Problem to work on >> Using the data below, print exactly the line with "Just 15 seconds", the line with "6、指示系統:由于小空間的轉", and every line between them, but none of the pictures.

Supplied data >>
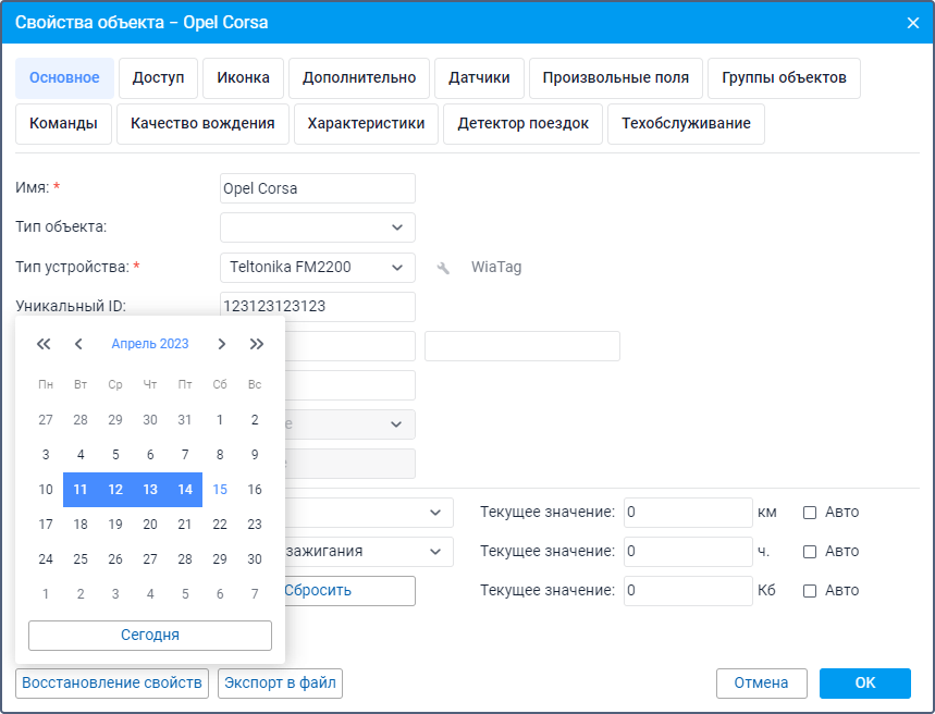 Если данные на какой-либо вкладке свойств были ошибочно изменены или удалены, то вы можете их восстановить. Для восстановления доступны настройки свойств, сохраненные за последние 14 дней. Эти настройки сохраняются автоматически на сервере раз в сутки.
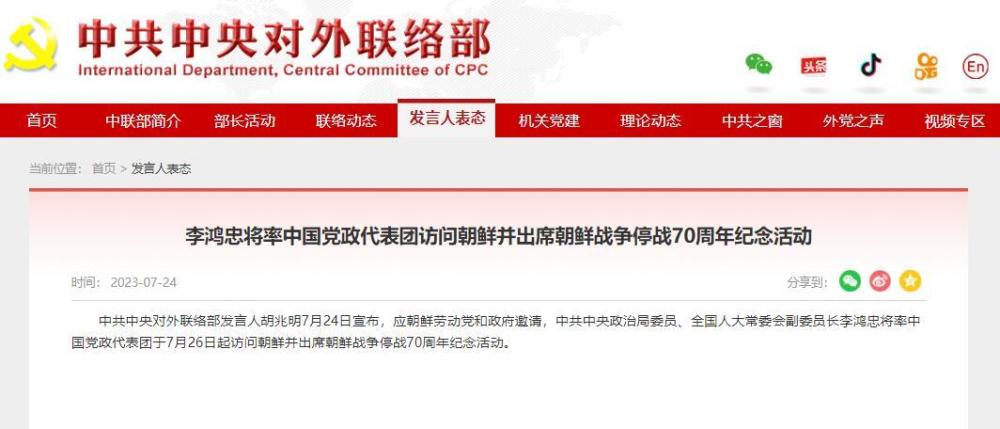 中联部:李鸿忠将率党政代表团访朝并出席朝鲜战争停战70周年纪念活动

...

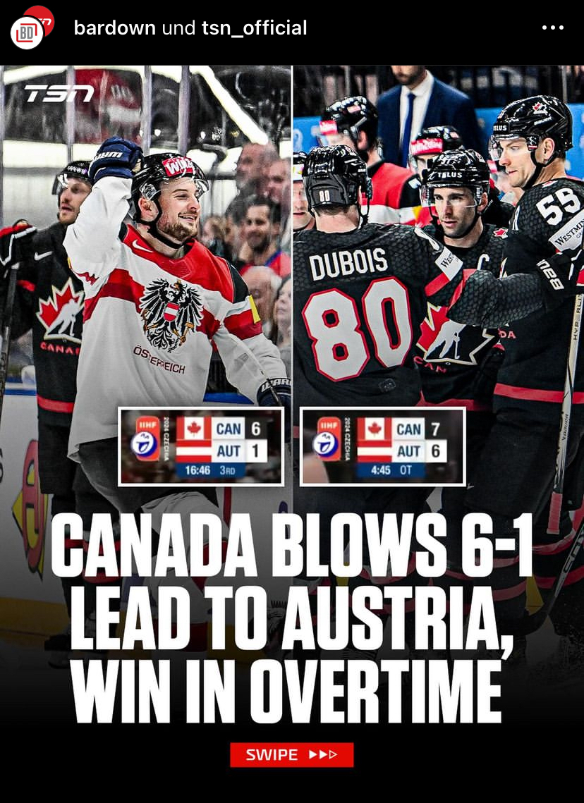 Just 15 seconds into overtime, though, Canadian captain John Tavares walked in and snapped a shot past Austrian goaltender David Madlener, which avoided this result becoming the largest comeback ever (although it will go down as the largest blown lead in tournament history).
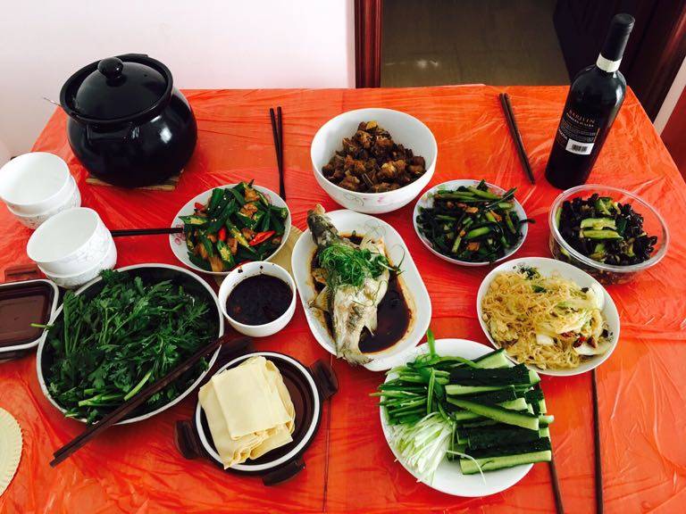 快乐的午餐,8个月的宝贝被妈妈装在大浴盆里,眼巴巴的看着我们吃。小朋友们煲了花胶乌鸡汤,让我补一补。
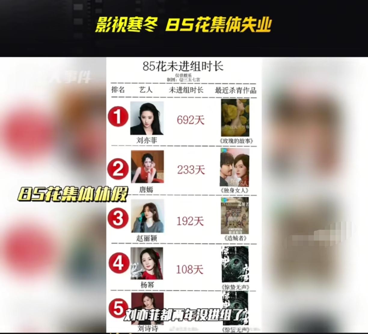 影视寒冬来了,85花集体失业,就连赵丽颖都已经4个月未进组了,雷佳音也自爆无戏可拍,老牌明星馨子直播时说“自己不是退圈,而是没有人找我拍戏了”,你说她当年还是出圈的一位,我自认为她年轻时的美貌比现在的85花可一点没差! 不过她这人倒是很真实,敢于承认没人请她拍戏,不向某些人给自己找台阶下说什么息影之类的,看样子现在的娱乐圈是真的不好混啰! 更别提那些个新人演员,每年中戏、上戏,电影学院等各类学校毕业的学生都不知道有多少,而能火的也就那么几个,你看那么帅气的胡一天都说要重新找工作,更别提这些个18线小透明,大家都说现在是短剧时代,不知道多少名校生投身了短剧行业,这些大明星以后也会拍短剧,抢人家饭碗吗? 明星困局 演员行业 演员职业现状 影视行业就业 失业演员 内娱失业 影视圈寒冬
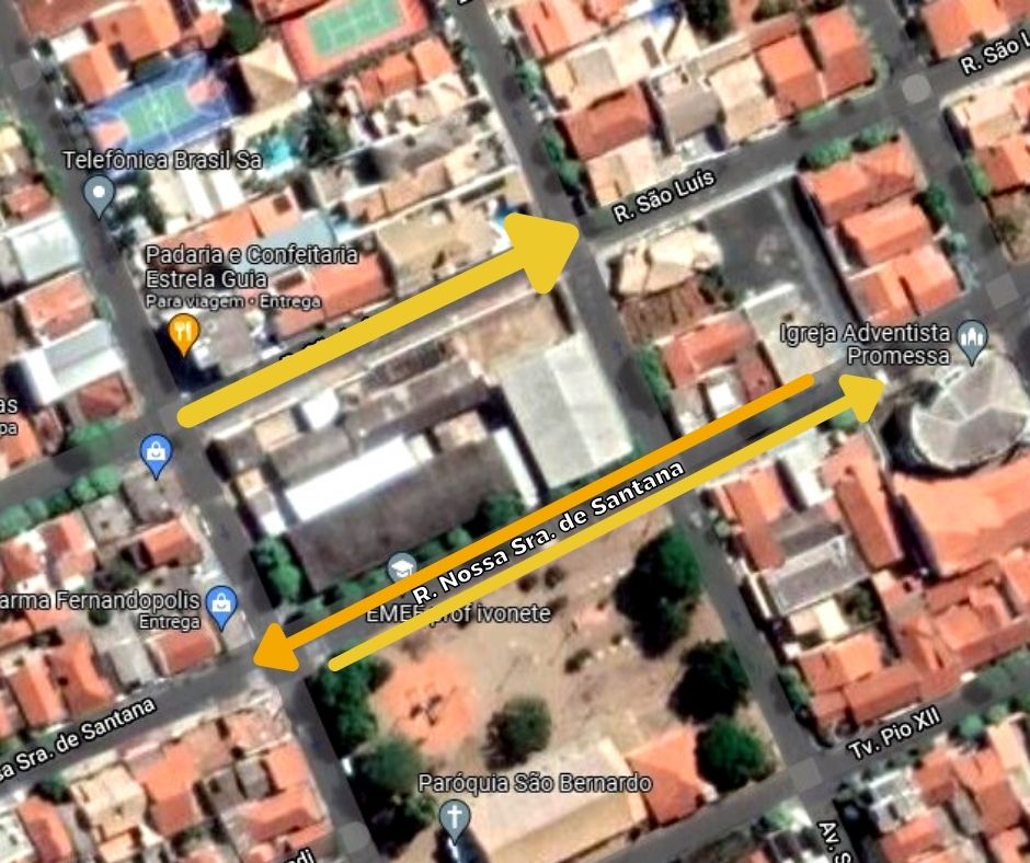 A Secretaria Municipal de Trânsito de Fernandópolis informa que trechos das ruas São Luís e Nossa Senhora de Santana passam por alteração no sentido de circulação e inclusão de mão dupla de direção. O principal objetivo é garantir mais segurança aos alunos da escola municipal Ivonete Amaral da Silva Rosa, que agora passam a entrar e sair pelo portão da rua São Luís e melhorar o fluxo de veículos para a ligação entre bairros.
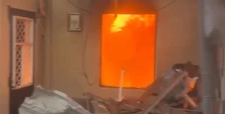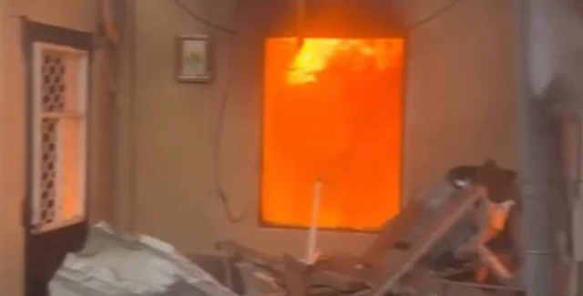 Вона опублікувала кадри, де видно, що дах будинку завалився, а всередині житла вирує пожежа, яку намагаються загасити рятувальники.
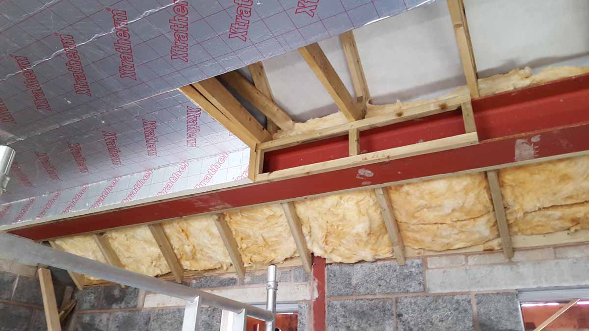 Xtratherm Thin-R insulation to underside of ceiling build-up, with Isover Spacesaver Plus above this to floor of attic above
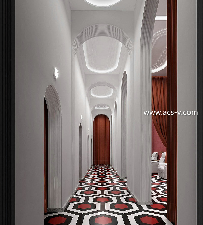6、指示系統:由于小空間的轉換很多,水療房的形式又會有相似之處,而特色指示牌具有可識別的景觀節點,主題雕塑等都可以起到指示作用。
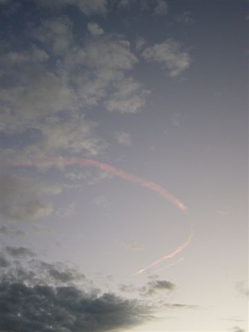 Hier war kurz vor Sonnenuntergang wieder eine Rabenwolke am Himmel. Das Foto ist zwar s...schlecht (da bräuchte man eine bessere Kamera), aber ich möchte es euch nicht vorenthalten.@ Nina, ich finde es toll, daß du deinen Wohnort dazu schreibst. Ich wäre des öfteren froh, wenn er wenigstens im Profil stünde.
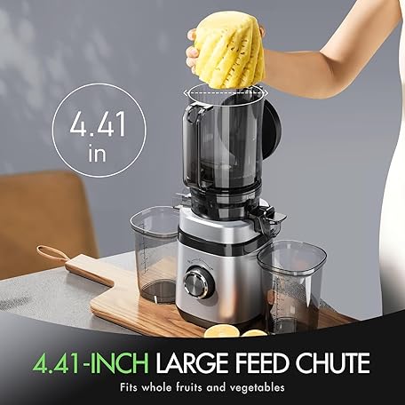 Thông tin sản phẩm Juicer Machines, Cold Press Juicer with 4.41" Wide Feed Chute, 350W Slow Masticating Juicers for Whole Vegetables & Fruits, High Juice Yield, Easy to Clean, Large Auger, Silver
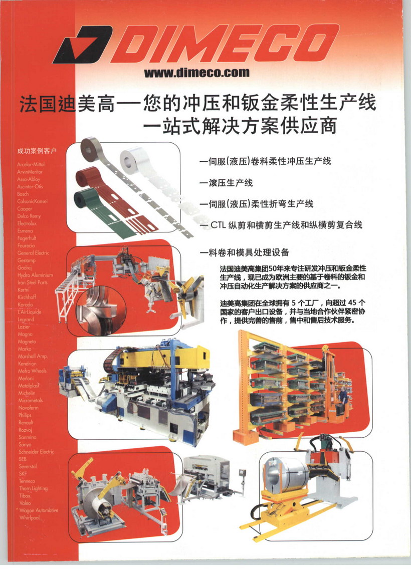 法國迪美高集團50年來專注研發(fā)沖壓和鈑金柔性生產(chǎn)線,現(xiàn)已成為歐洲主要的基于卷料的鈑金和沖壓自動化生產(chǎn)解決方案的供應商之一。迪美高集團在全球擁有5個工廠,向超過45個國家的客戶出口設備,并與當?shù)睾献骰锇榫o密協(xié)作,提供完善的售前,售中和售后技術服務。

Output below >>
 Just 15 seconds into overtime, though, Canadian captain John Tavares walked in and snapped a shot past Austrian goaltender David Madlener, which avoided this result becoming the largest comeback ever (although it will go down as the largest blown lead in tournament history).
 快乐的午餐,8个月的宝贝被妈妈装在大浴盆里,眼巴巴的看着我们吃。小朋友们煲了花胶乌鸡汤,让我补一补。
 影视寒冬来了,85花集体失业,就连赵丽颖都已经4个月未进组了,雷佳音也自爆无戏可拍,老牌明星馨子直播时说“自己不是退圈,而是没有人找我拍戏了”,你说她当年还是出圈的一位,我自认为她年轻时的美貌比现在的85花可一点没差! 不过她这人倒是很真实,敢于承认没人请她拍戏,不向某些人给自己找台阶下说什么息影之类的,看样子现在的娱乐圈是真的不好混啰! 更别提那些个新人演员,每年中戏、上戏,电影学院等各类学校毕业的学生都不知道有多少,而能火的也就那么几个,你看那么帅气的胡一天都说要重新找工作,更别提这些个18线小透明,大家都说现在是短剧时代,不知道多少名校生投身了短剧行业,这些大明星以后也会拍短剧,抢人家饭碗吗? 明星困局 演员行业 演员职业现状 影视行业就业 失业演员 内娱失业 影视圈寒冬
 A Secretaria Municipal de Trânsito de Fernandópolis informa que trechos das ruas São Luís e Nossa Senhora de Santana passam por alteração no sentido de circulação e inclusão de mão dupla de direção. O principal objetivo é garantir mais segurança aos alunos da escola municipal Ivonete Amaral da Silva Rosa, que agora passam a entrar e sair pelo portão da rua São Luís e melhorar o fluxo de veículos para a ligação entre bairros.
 Вона опублікувала кадри, де видно, що дах будинку завалився, а всередині житла вирує пожежа, яку намагаються загасити рятувальники.
 Xtratherm Thin-R insulation to underside of ceiling build-up, with Isover Spacesaver Plus above this to floor of attic above
6、指示系統:由于小空間的轉換很多,水療房的形式又會有相似之處,而特色指示牌具有可識別的景觀節點,主題雕塑等都可以起到指示作用。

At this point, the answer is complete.